Relay current flow

Question

I'm new to electronics.

I found the tutorial about the control of a relay using GPIO in raspberry pi from http://arnholm.org/raspberry-pi-controlling-a-relay/ . It has the following electric circuit :

I wonder the existence of the diode laid down parallel with relay. I searched about this and got the answer from Why is there a diode connected in parallel to a relay coil?

Since an inductor (the relay coil) cannot change it's current instantly, the flyback diode provides a path for the current when the coil is switched off. Otherwise, a voltage spike will occur causing arcing on switch contacts or possibly destroying switching transistors.

It says eventually when the switch is off, the flow of relay current should go through the flyback diode to prevent destroying the switching transistor because it causes the undesirable spark on it.

But I am worried about if the relay current from REL1 go through D1 diode, the sudden excess of current might make the pi die after the current going up above the diode.
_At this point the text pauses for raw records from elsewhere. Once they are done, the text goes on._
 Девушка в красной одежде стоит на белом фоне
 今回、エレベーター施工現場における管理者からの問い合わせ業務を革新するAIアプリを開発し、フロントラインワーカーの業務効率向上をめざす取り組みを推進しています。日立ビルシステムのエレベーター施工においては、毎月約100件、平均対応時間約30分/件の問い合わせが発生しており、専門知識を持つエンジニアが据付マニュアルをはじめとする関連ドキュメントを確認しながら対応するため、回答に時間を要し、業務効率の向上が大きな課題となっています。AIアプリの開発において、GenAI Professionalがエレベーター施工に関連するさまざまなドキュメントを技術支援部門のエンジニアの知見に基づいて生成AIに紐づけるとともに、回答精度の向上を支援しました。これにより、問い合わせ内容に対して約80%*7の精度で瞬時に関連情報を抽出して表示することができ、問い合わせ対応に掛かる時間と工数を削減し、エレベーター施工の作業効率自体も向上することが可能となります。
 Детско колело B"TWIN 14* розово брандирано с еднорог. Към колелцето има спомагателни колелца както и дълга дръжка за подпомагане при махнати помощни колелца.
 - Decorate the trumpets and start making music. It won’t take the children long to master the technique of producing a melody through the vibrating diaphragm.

So I thought one of the solution is if we put 2 diodes in the position D1 and draw a line between them, we can release the current safely.

So my question is

What if we put a resistor above the D1 diode? Does the current can be attenuated with dissipation in the resistor? Can this be also a solution?

Answer 1

This so-called arc from breaking the coil current Only occurs with the dry contact . The time could be in the nanosecond range and since V equals V=LdI/dt with dt going to zero V can arc on dry contacts. Because the transistor has some capacitance it cannot shut off that quickly so the diode is only to protect the transistor and there’s very little capacitance that would feedback any significant charge back to the microcontroller so no worries there .

The 100mA transistor current is immediately switched through the diode along the same wires can be handled easily by 100 mA small signal diode. The diode should be placed close to the transistor rather than the coil so that the current path is the same . For EMI pulse attenuation it’s best to have the switched current ground and power signals to the relay coil interface close together to minimize current loop area and antenna-like interference to high impedance nearby signals.
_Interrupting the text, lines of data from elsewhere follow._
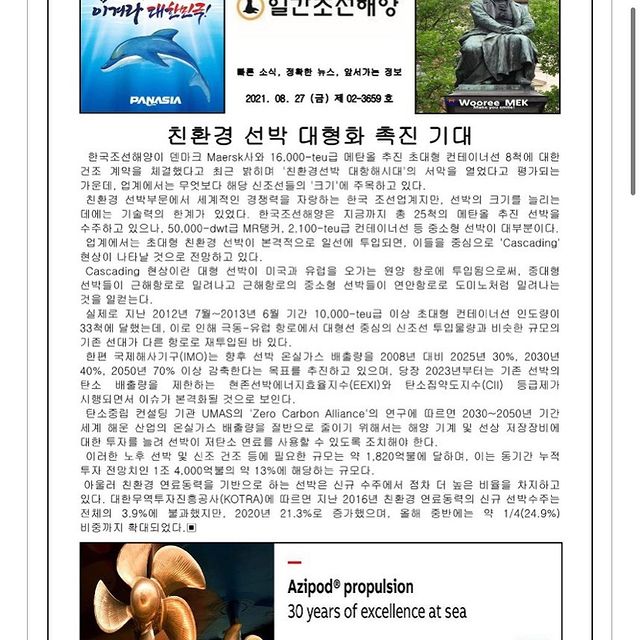 2021년 8월 27일 금요일 일간조선해양일보입니다.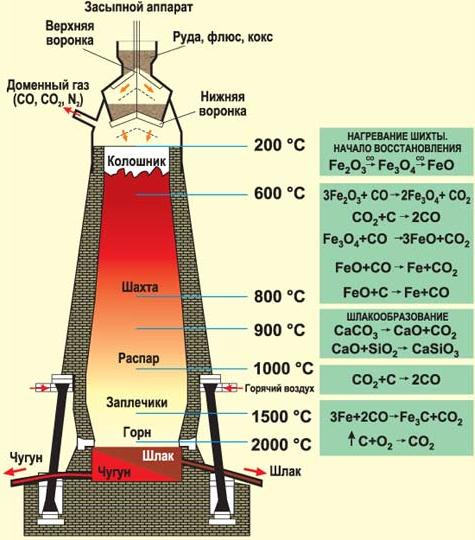 Рис. 1.3 Доменная печь. В дальнейшем железо науглероживается, образуя при температуре свыше 1200°С жидкий чугун, состоящий из цементита Fe3C, феррита Fe и графита С, с общим содержанием углерода 2,5..4,2%. Аналогичные процессы протекают с примесями пустой породы (марганец, кремний, фосфор, сера и другие), приводящие к образованию шлака. В нижней части горна после накопления порции чугуна и шлака её систематически выпускают через лётку чугуна: чугун в чугуновозы, а шлак в шлаковозы или в отделение грануляции. До 96% потребляют конвертера сталеплавильных цехов, а остальное отправляют в отделение разливки чугуна для получения чушек для последующего использования их в производстве литых деталей. В результате протекания окислительно-восстановительных процессов в печи образуется колошниковый газ, содержащий до 35% СО, 8% СО2, 2% H2, 55% N2 и использующийся для нагрева заготовок в методических печах, воздуха в воздухонагревателях и в других целях.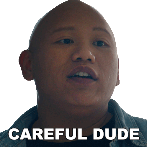 A bald man from Novocaine delivers a casual warning, 'Careful dude,' with a concerned expression.

Furthermore 3 mA into the base is more than enough to saturate the transistor. The BC 337 will rise from 50 mV to less than 200 mV which is within 5% of your 5 V supply with only one milliamp of base current @Ic=100mA

Answer 2

That sudden excess of current flows only through the diode and the relay coil, hence it has no influence on the rest of the circuit, provided that the diode is close to the relay coil pins.

What might cause some harm is that the transistor is switched of, and it suddenly draws less current from the 5V supply. If you are worried aboyut this you could put a beefy capacitor (for instance 470uF) between gnd and 5V. (Or, when you have multiple relays, use a separate 5V supply for the relays.)

With a Pi this effect will be less pronounced, because most (all?) Pi circuitry is powered by a switcher that converts the 5V to 3.3V.